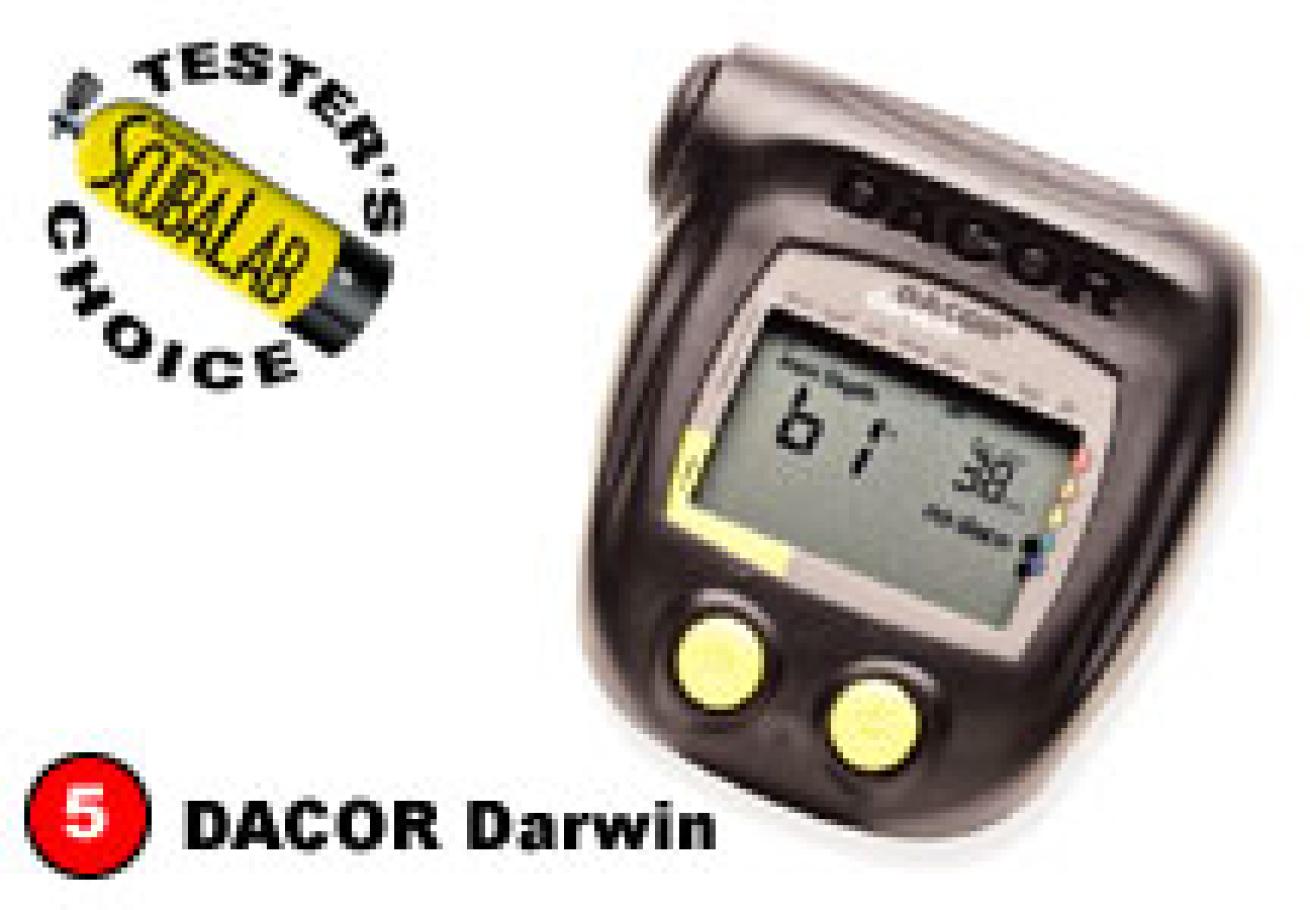 | In a field of user-friendly dive computers, the Dacor Darwin is among the friendliest. Powered by a pair of AAA batteries loaded into an easy-access watertight compartment, the computer offers a backlight that can be programmed either for 15-second intervals or to stay on permanently. This reduces battery life substantially, but with AAA batteries so cheap, so easy to find and so easy to replace without losing memory, why not keep the light on all the time?
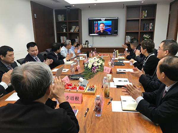李培根院士與集團高管們的見面會上,通過網(wǎng)絡(luò)連接了遠在加拿大的集團北美總部辦公室,集團董事長王東博士在地球的另一端和武漢總部會場進行視頻連線。會上,集團董事長王東博士首先向在座的高管們隆重介紹了李培根院士加入集團的情況。他說:“非常榮幸,也非常激動,能邀請李院士加入到我們愛康集團,成為我們聯(lián)席董事長。我跟李院士認識至今已經(jīng)十五年了,共同的價值觀讓我們結(jié)下不解之緣?;厥资迥陙?,李院士在我們集團的發(fā)展中,參與了很多次重大決策,對修訂《愛康基本法》也提出了很多指導性意見。”
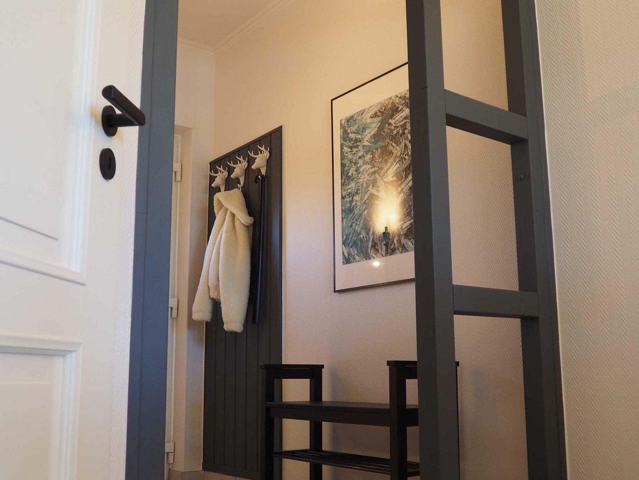 Die maritim und exklusiv ausgestattete Ferienwohnung (2 Zimmer / 37 qm) befindet sich in ruhiger Lage des im Juli 2003 fertig gestellten ersten Abschnitts der Ferienwohnanlage Hafenidyll direkt am Yachthafen von Karlshagen. Ein Wohnzimmer mit Esstisch, Schlafcouch und Couchtisch sowie ein separates Schlafzimmer (mit einem 1,80 m großen Boxspringbett) bieten ideal Platz für 2 Personen. Bis zu 2 weitere Personen können auf der im Wohnzimmer stehenden Schlafcouch übernachten. Ein klappbares Kinderbett und Hochstuhl können ohne Aufpreis genutzt werden. Im Wohnzimmer befindet sich eine komplett ausgestattete Küchenzeile inkl. Geschirrspüler, Mikrowelle mit Grill und Umluft, Kühlschrank mit Tiefkühlfach, Cerankochfeld mit 2 Kochstellen, Kaffeemaschine, Toaster und Wasserkocher. Kabel-TV, DVD-Player und eine Stereoanlage (Radio + CD-Player) stehen im Wohnzimmer zur Verfügung.

_ _ _ _ _

**Your assignment**
Please restate exactly the lines from the one containing "李培根院士與集團高管們的見面" down to the end of the material, both ends kept, and do not include the pictures.

**Solution to the problem**
李培根院士與集團高管們的見面會上,通過網(wǎng)絡(luò)連接了遠在加拿大的集團北美總部辦公室,集團董事長王東博士在地球的另一端和武漢總部會場進行視頻連線。會上,集團董事長王東博士首先向在座的高管們隆重介紹了李培根院士加入集團的情況。他說:“非常榮幸,也非常激動,能邀請李院士加入到我們愛康集團,成為我們聯(lián)席董事長。我跟李院士認識至今已經(jīng)十五年了,共同的價值觀讓我們結(jié)下不解之緣?;厥资迥陙?,李院士在我們集團的發(fā)展中,參與了很多次重大決策,對修訂《愛康基本法》也提出了很多指導性意見。”
 Die maritim und exklusiv ausgestattete Ferienwohnung (2 Zimmer / 37 qm) befindet sich in ruhiger Lage des im Juli 2003 fertig gestellten ersten Abschnitts der Ferienwohnanlage Hafenidyll direkt am Yachthafen von Karlshagen. Ein Wohnzimmer mit Esstisch, Schlafcouch und Couchtisch sowie ein separates Schlafzimmer (mit einem 1,80 m großen Boxspringbett) bieten ideal Platz für 2 Personen. Bis zu 2 weitere Personen können auf der im Wohnzimmer stehenden Schlafcouch übernachten. Ein klappbares Kinderbett und Hochstuhl können ohne Aufpreis genutzt werden. Im Wohnzimmer befindet sich eine komplett ausgestattete Küchenzeile inkl. Geschirrspüler, Mikrowelle mit Grill und Umluft, Kühlschrank mit Tiefkühlfach, Cerankochfeld mit 2 Kochstellen, Kaffeemaschine, Toaster und Wasserkocher. Kabel-TV, DVD-Player und eine Stereoanlage (Radio + CD-Player) stehen im Wohnzimmer zur Verfügung.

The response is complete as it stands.